Dead Cert is an Unforgiven-style ex-London Gangster played by Craig Fairbrass (CLIFFHANGER) who has just opened a new strip club.  Continuously warned by a local nutjob (Steven Berkoff -BEVERLY HILLS COP) that the premises have been built of cursed ground, Dead Cert and his chums, rightly, carry on regardless.  Meanwhile, Dead Cert’s dodgy brother-in-law Eddie (Dexter Fletcher – EVERYWHERE + NOWHERE) has got embroiled with some suspicious looking Romanian gangsters who want to buy the club or gain it through a trumped up illegal boxing bout.  If you are still reading by this point, you’ll have spotted what Dead Cert and his muppets haven’t and its that the Romanians are in fact a coven of ancient vampires (ed. aren’t covens exclusive to witches?) led by The Wolf (Billy Murray – ESSEX BOYS).  Now usually a reviewer would stop here as not to ruin the plot or give away any spoilers. I’m stopping because I really truly can’t bear to recall anymore of it. So here follows a list of reasons Dead Cert is a further nail in Dracula’s coffin.

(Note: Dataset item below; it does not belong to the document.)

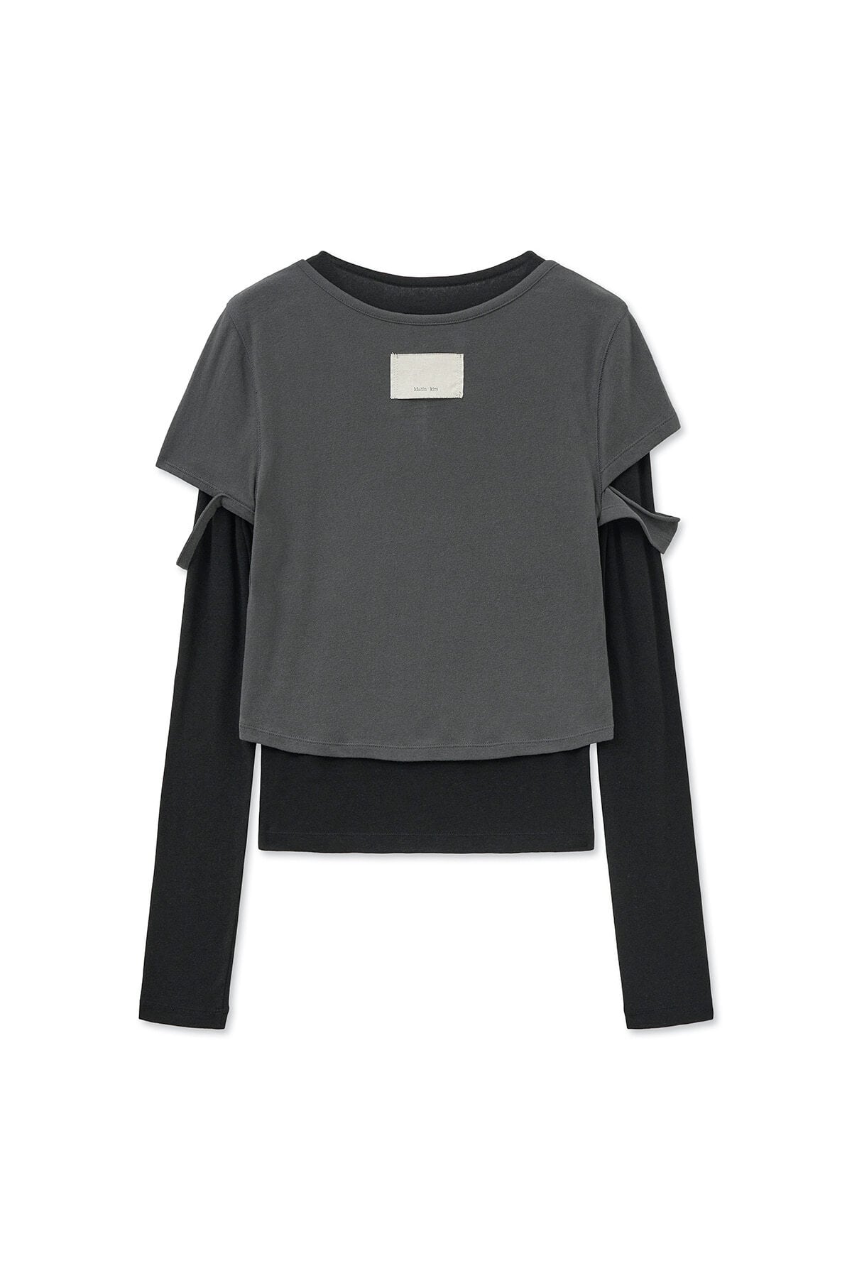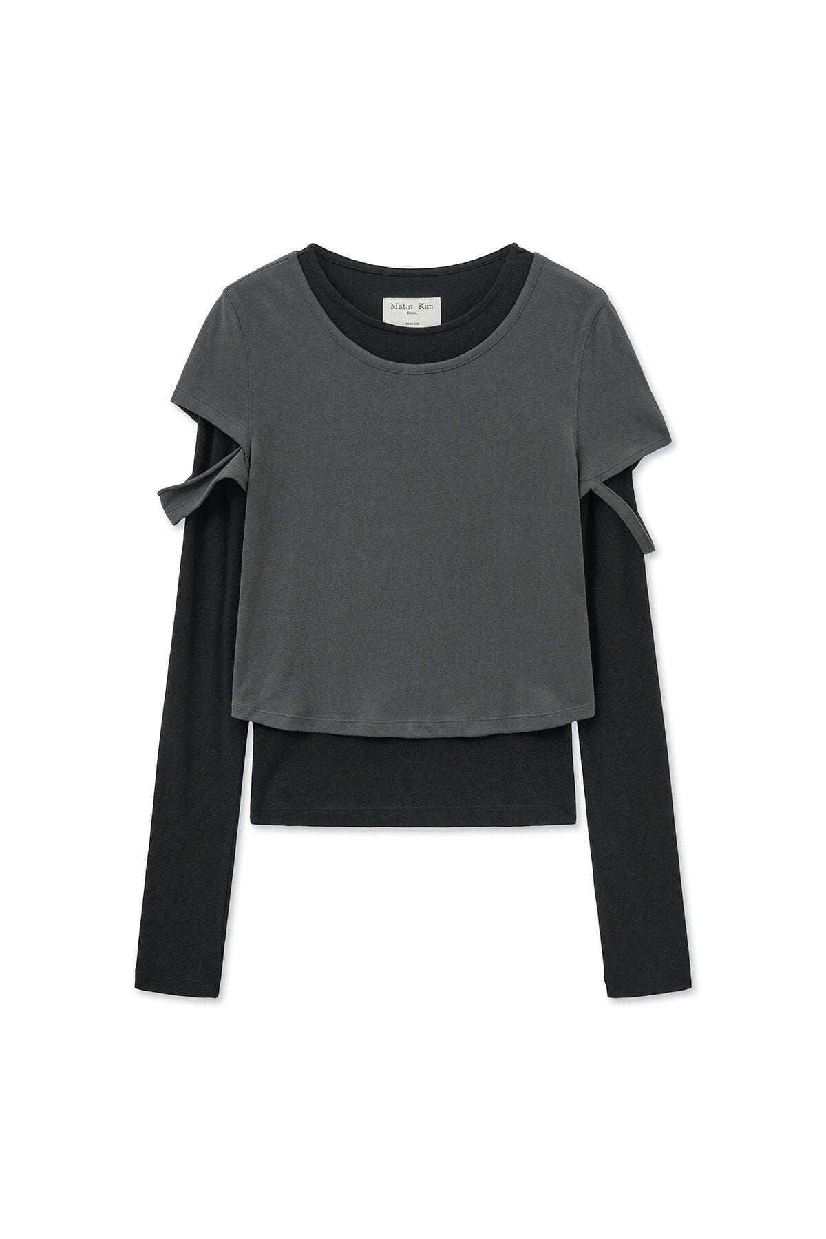 [Matin Kim] LAYERED POINT SLIM TOP IN CHARCOAL 正規品 韓国ブランド 韓国通販 韓国代行 韓国ファッション マーティンキム matinkim 日本 店舗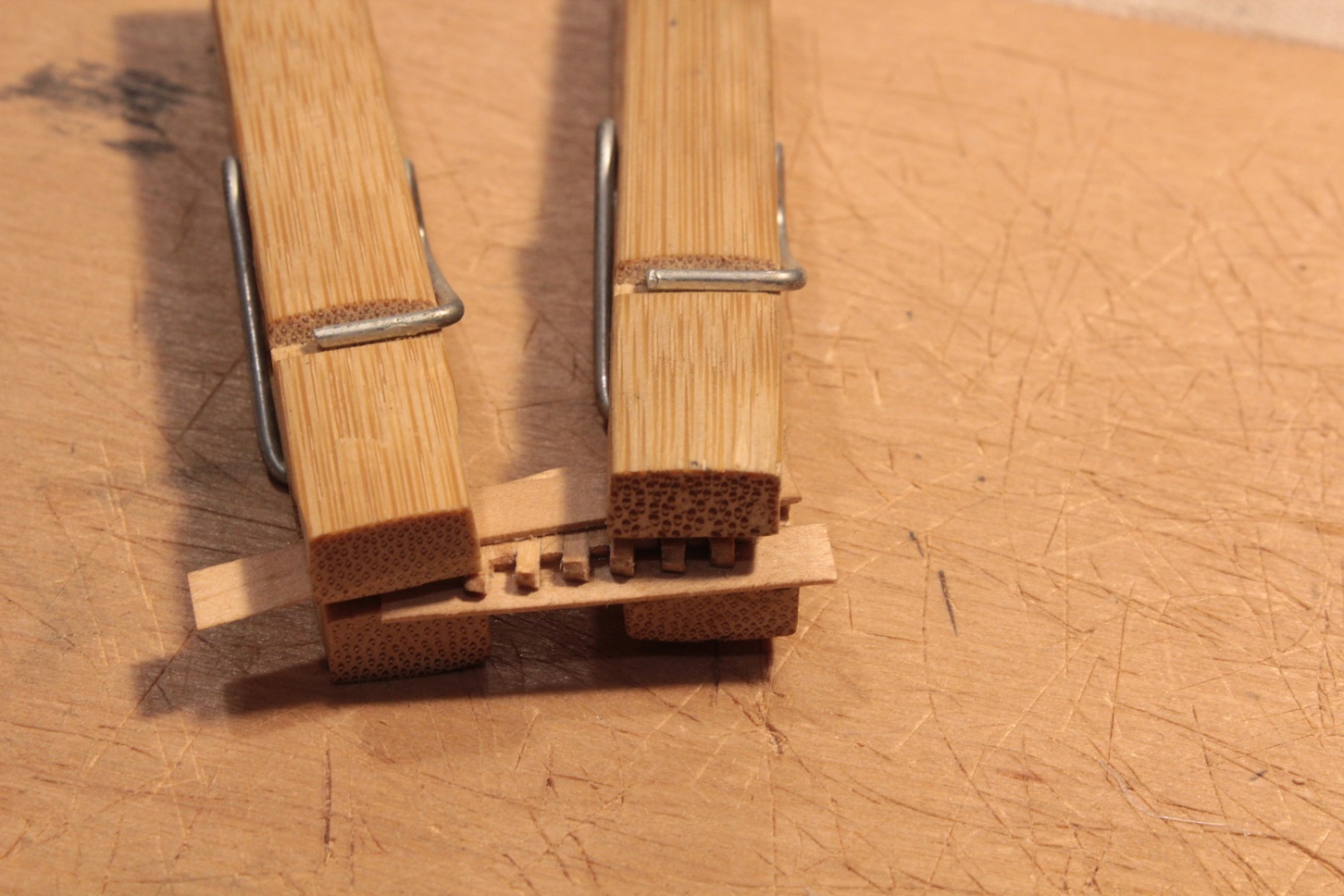 Profil wygięcia desek nadburcia kształtowałem na rozgrzanej lutownicy kolbowej, tej najtańszej o mocy 25 W (pokazywałem już to w relacji budowy RW). Kłopotem było to, że deski na tym etapie budowy trzymają się na styk.

Dead Cert has one of the worst scripts ever given to jobbing actors in the history of British horror. Please prove me wrong.  How the actors kept a straight face whenever poor old Steven Berkoff’s harbinger of doom turns up is probably in the extras. The likes of Perry Benson (THIS IS ENGLAND) and Ricky Grover (BIG FAT GYPSY GANGSTER) prove why they are only given small roles elsewhere, with some displays of truly awful acting.  The strip club is always empty and resembles no club on Earth I’ve ever seen. It looks like it was filmed in a school gym.  As for the vampires, the reason for watching this sh*t, they are insipid and unsexy. Billy Murray makes for a terrible lead vampire.  He sleepwalks through proceedings barely summoning up enough energy to bare his fangs. Jason Flemyng (HANNA) pops up and he has the most useless cameo of all time as an early victim.  The worst of the pongy acting is down to his best mate, Dexter Fletcher who has been impressing us with his directorial debut Wild Bill recently.  He’s the least convincing gangster to show up since the last time he played one, some people just can’t do hard.  Especially with a hairstyle like the one he’s sporting here – Fraggle Rock 2 anyone? Unsurprisingly the most frequent word in the script is c88t, it’s used so much it made me miss the F word. All this could have been salvageable if the action or even make up effects were any good, but I’ve seen scarier vampire costumes on a clothes peg in Pound Land, and the action is mostly shot from far away or in log takes, which make it look slow, ponderous and most of all, staged. Worst of all is that this feels like a missed opportunity, such a good cast with a real chance at making a scary British horror flick, squandered.  Made me wish Danny Dyer (THE FOOTBALL FACTORY) was in it… Oh wait he was. Fans of the Bexley Heath wonder have to wait right until the end for his Sean Connery-style Robin Hood – Prince Of Thieves – style cameo. Too little, too late. Oh well, wonder who was in goal?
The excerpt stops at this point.